• [YOUR INSTRUCTIONS]
Transcribe the line holding "El arnés TrOP" together with every line after it, through the end of the records, exactly and with no pictures.

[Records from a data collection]
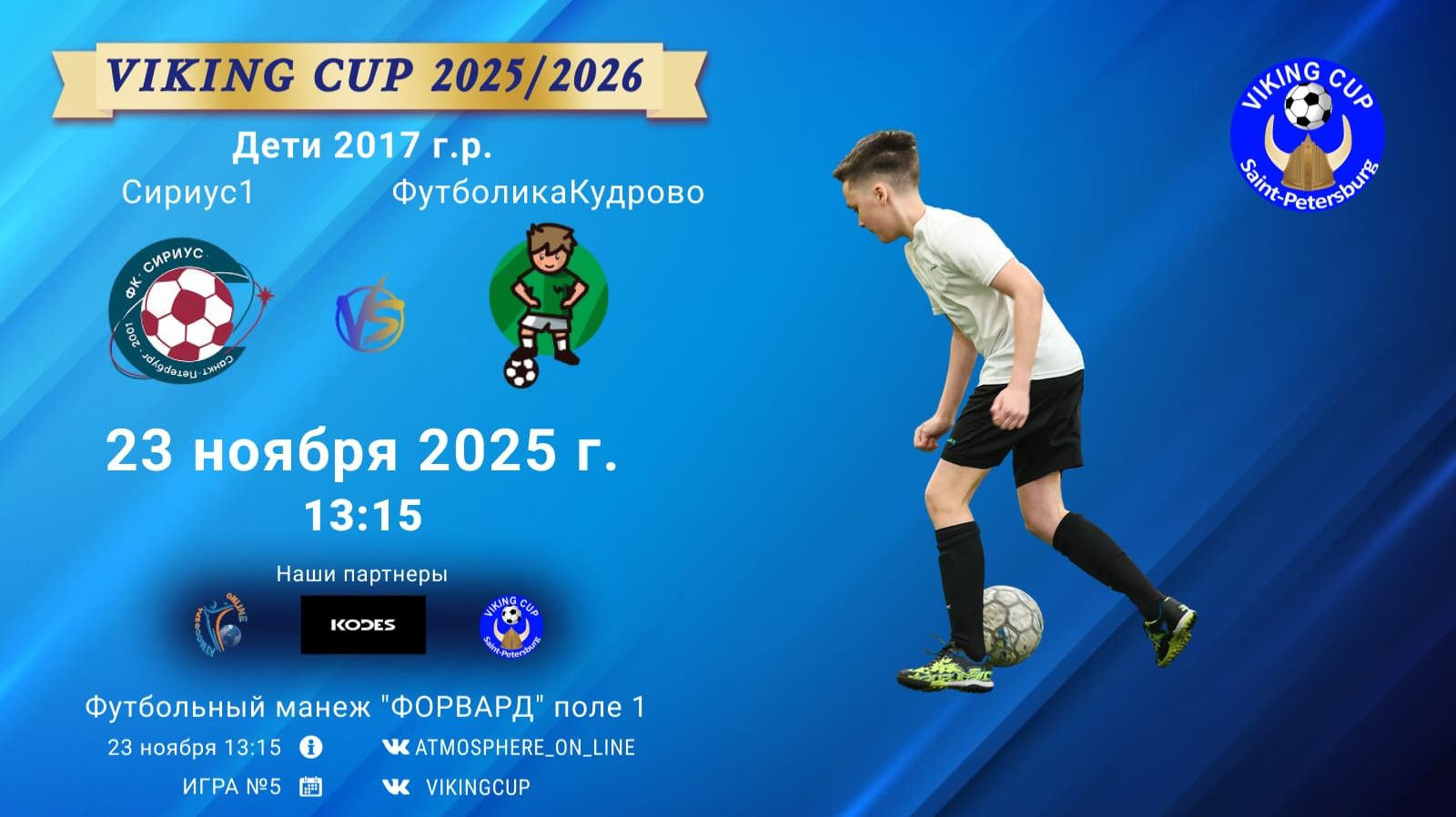 VIKING CUP среди команд 2017 г.р. (U8), Поле 1 23 ноября 2025 САНКТ-ПЕТЕРБУРГ, ФЦ "Форвард" ФК "Сириус1" - ФК "ФутболикаКудрово"/VIKING CUP, Игра №5, 23-11-2025 13:15
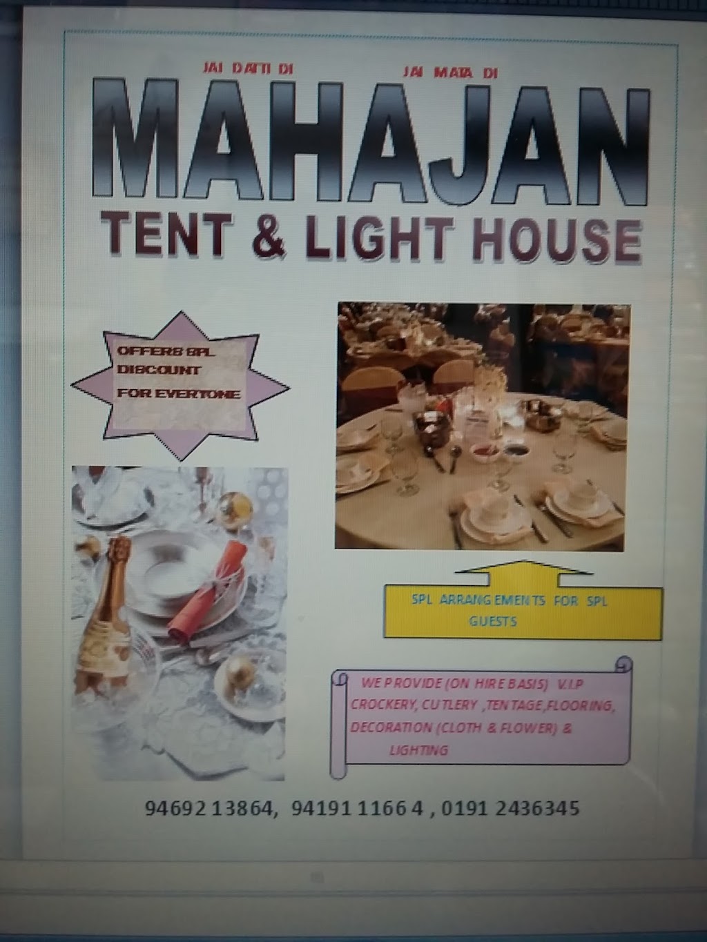 Mahajan Tent & Light House offers exceptional service and customer respect in the heart of Gandhi Nagar, Jammu. Clients commend the team for exceeding expectations and delivering more than promised, highlighting their dedication and professionalism. This establishment is ideal for those seeking reliable and courteous support for event setups, ensuring every detail is handled with care. If you want a stress-free experience with top-notch service, this is a go-to option in the region.
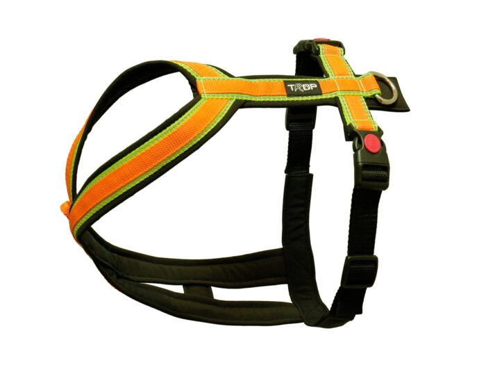 El arnés TrOP BASE es versátil en su aplicación: se puede usar para caminatas diarias con el perro, así como para actividades más específicas como rastrear, correr y caminar. También es una alternativa de canicross perfecta para perros que prefieren un arnés corto que no ejerza presión sobre las caderas del perro. La forma corta también permite un mejor control del perro. Tiene dos opciones de conexión de correa, además del punto de enganche en la espalda, también hay un bucle para unir una línea en el cofre para un control suave contra tirones.
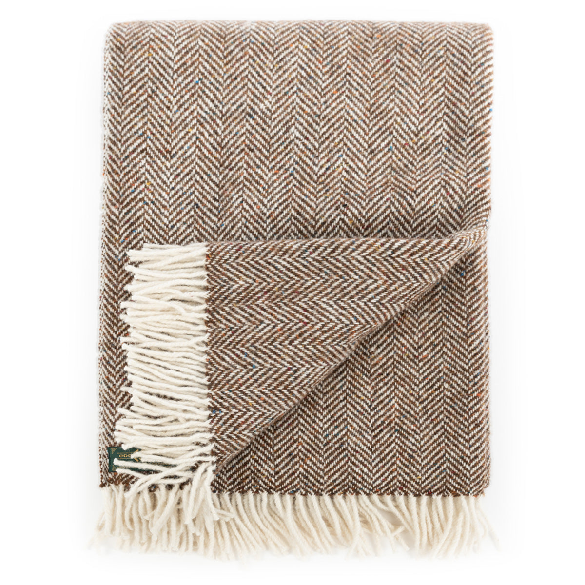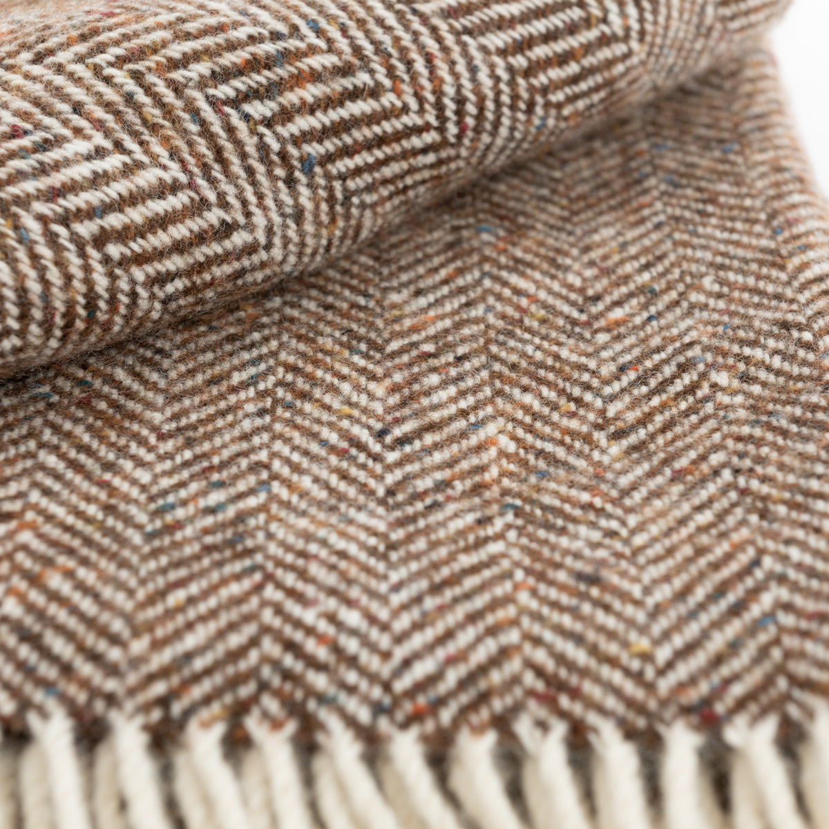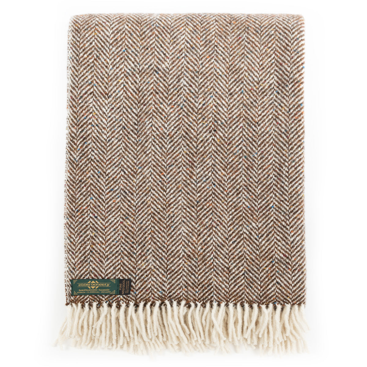 Diese schöne Wolldecke ist aus der typisch irischen „Donegal Fleck-Wolle“ gewebt. „Donegal Fleck“, so nennt man die Wolle mit den in Irland zusätzlich zum Grundton eingesponnenen Farbtupfern. In dieser braunen Decke finden sich orange, rote und blaue Sprenkel wieder. Diese robuste Decke ist von Eddie Doherty von Hand gewebt, deshalb ist sie nur in begrenzter Stückzahl verfügbar. In dem kleinen Dorf Ardara, das an der Nord-Westküste Irlands liegt, wird das Weber-Handwerk von Eddie Doherty, einem der letzten Handweber Irlands fortgeführt. Er webt seit Jahrzehnten Decken und Tweedstoffe in vielen Designs und Farben.
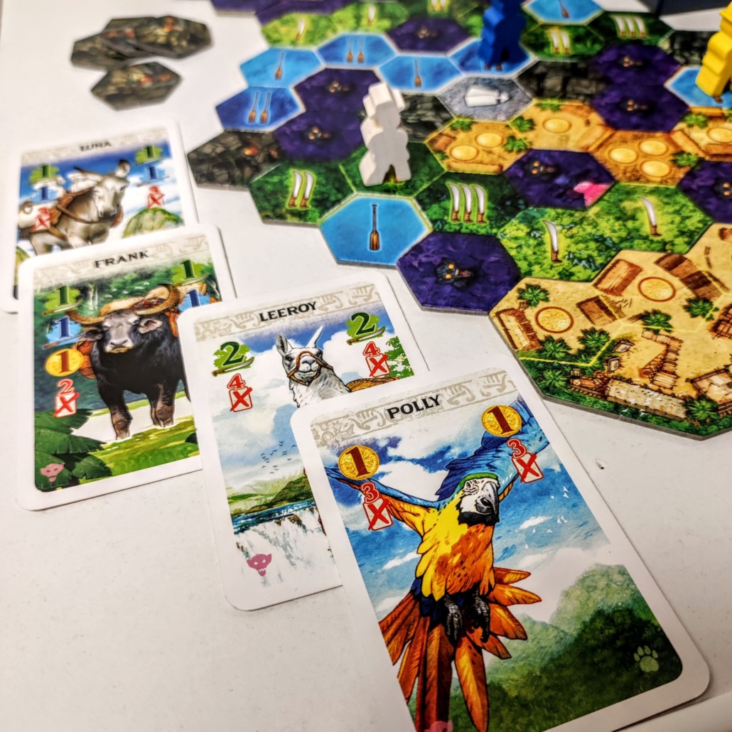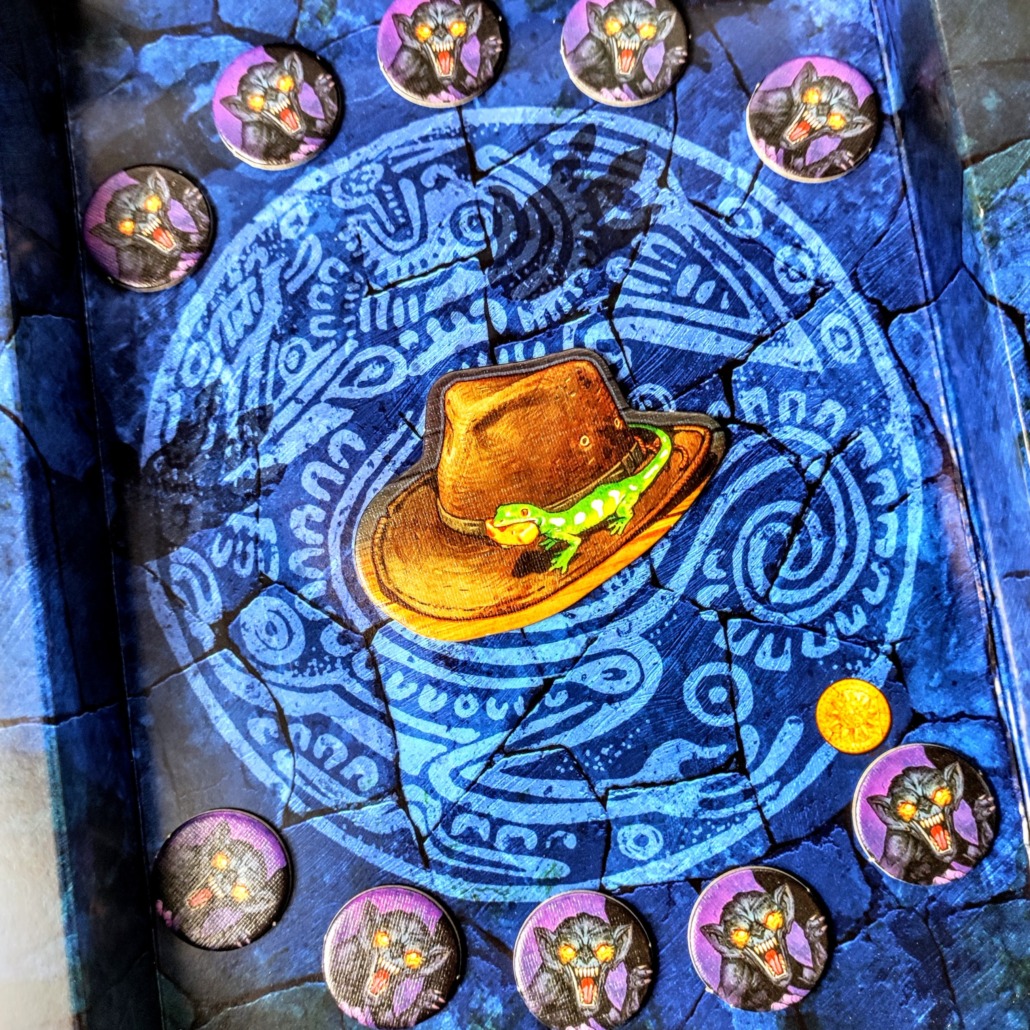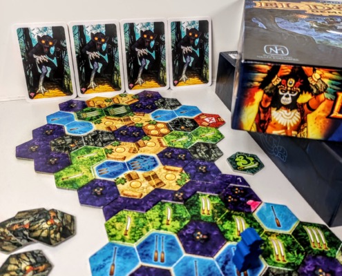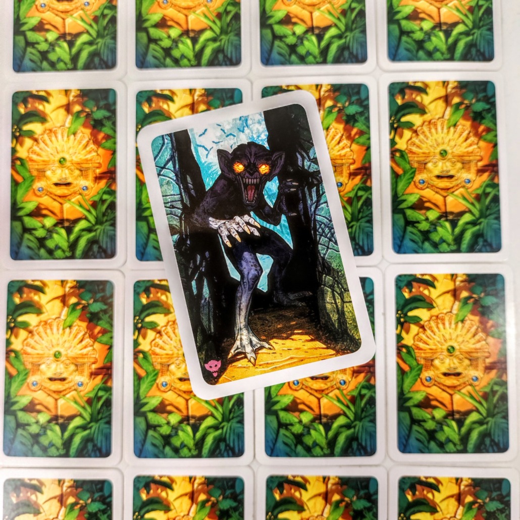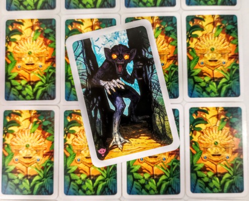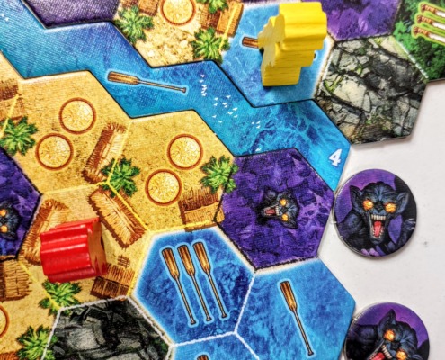 Dostajesz trzy nowe, dwustronne plansze. Są na nich przeklęte obszary i podziemne tunele. Korzystając z tunelu oszczędzasz kawał czasu (taki teleport) ale za karę ciągniesz żetony klątw. Może brzmi złowieszczo, ale nie powinnaś się bać. Podróż przez mroczniejsze rejony dżungli po prostu się opłaca. Klątwy są różne ale zawsze cię ograniczają. Na przykład nie możesz grać odpowiednich kart dopóki nie zapłacisz kary albo tracisz ruch albo gorzej przeciwnicy mogą cię cofnąć. Karą jest również dobranie karty demona, To typowy zapychacz talii. Ma małą użyteczność i blokuje rękę na szczęście można się go pozbyć.
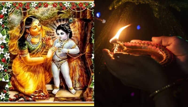 1. Offer a ghee lamp to Lord Damodar (the picture in which Mother Yashoda binds Lord Krishna) every morning and evening and sing Damodarashtakam.

• [EXERCISE RESULT]
 El arnés TrOP BASE es versátil en su aplicación: se puede usar para caminatas diarias con el perro, así como para actividades más específicas como rastrear, correr y caminar. También es una alternativa de canicross perfecta para perros que prefieren un arnés corto que no ejerza presión sobre las caderas del perro. La forma corta también permite un mejor control del perro. Tiene dos opciones de conexión de correa, además del punto de enganche en la espalda, también hay un bucle para unir una línea en el cofre para un control suave contra tirones.
 Diese schöne Wolldecke ist aus der typisch irischen „Donegal Fleck-Wolle“ gewebt. „Donegal Fleck“, so nennt man die Wolle mit den in Irland zusätzlich zum Grundton eingesponnenen Farbtupfern. In dieser braunen Decke finden sich orange, rote und blaue Sprenkel wieder. Diese robuste Decke ist von Eddie Doherty von Hand gewebt, deshalb ist sie nur in begrenzter Stückzahl verfügbar. In dem kleinen Dorf Ardara, das an der Nord-Westküste Irlands liegt, wird das Weber-Handwerk von Eddie Doherty, einem der letzten Handweber Irlands fortgeführt. Er webt seit Jahrzehnten Decken und Tweedstoffe in vielen Designs und Farben.
 Dostajesz trzy nowe, dwustronne plansze. Są na nich przeklęte obszary i podziemne tunele. Korzystając z tunelu oszczędzasz kawał czasu (taki teleport) ale za karę ciągniesz żetony klątw. Może brzmi złowieszczo, ale nie powinnaś się bać. Podróż przez mroczniejsze rejony dżungli po prostu się opłaca. Klątwy są różne ale zawsze cię ograniczają. Na przykład nie możesz grać odpowiednich kart dopóki nie zapłacisz kary albo tracisz ruch albo gorzej przeciwnicy mogą cię cofnąć. Karą jest również dobranie karty demona, To typowy zapychacz talii. Ma małą użyteczność i blokuje rękę na szczęście można się go pozbyć.
 1. Offer a ghee lamp to Lord Damodar (the picture in which Mother Yashoda binds Lord Krishna) every morning and evening and sing Damodarashtakam.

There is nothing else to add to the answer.